Nana
Nana La carrera concluía, como inadvertida ante la espera del Gran Premio, cuando una nube se abrió sobre el hipódromo. Hacía un momento que el sol había desaparecido y una claridad lívida ensombrecía a la muchedumbre. Se levantó el viento y siguió un imprevisto diluvio, como un telón de agua. Hubo un minuto de confusión, de gritos, de burlas y reniegos en medio del sálvese quien pueda, de los peatones corriendo para refugiarse bajo los toldos de los tenderetes. Las mujeres trataban de guarecerse en sus carruajes, sosteniendo con ambas manos las sombrillas, mientras que los lacayos echaban las capotas.
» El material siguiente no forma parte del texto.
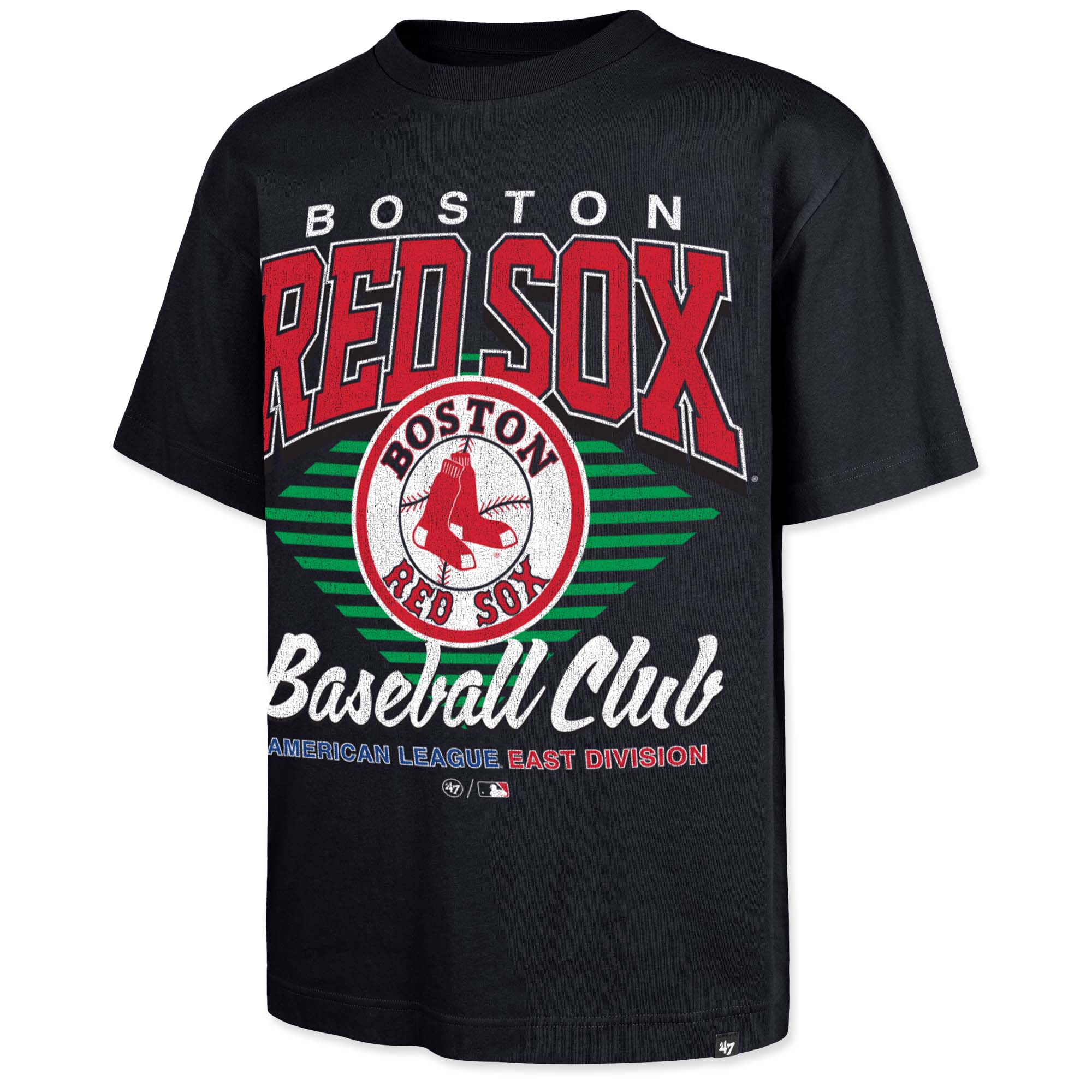 Boston Red Sox Foundation T-Shirt - Extended Play - Navy. The ’47 Foundation Tee is a 100% cotton tee crafted from heavyweight cotton jersey with a sturdier structure that holds its shape featuring bespoke screen-printed graphics. This is an oversized silhouette. 100% heavy weight cotton jersey for a sturdier structure that holds its shape

Pero el chaparrón cesó en seguida y el sol resplandeció entre el polvillo de lluvia que aún volaba. Un desgarrón azul se abrió detrás de la nube, arrastrada por encima del bosque. Y aquello fue como un regocijo del cielo, levantando las risas de las mujeres, ya tranquilizadas, mientras el disco de oro, entre el resoplido de los caballos, la desbandada y la agitación de aquella multitud empapada que se sacudía, iluminaba el césped salpicado de gotas de cristal.
—¡Oh, mi pobre Louiset! —exclamó Nana—. ¿Te has mojado mucho, querido?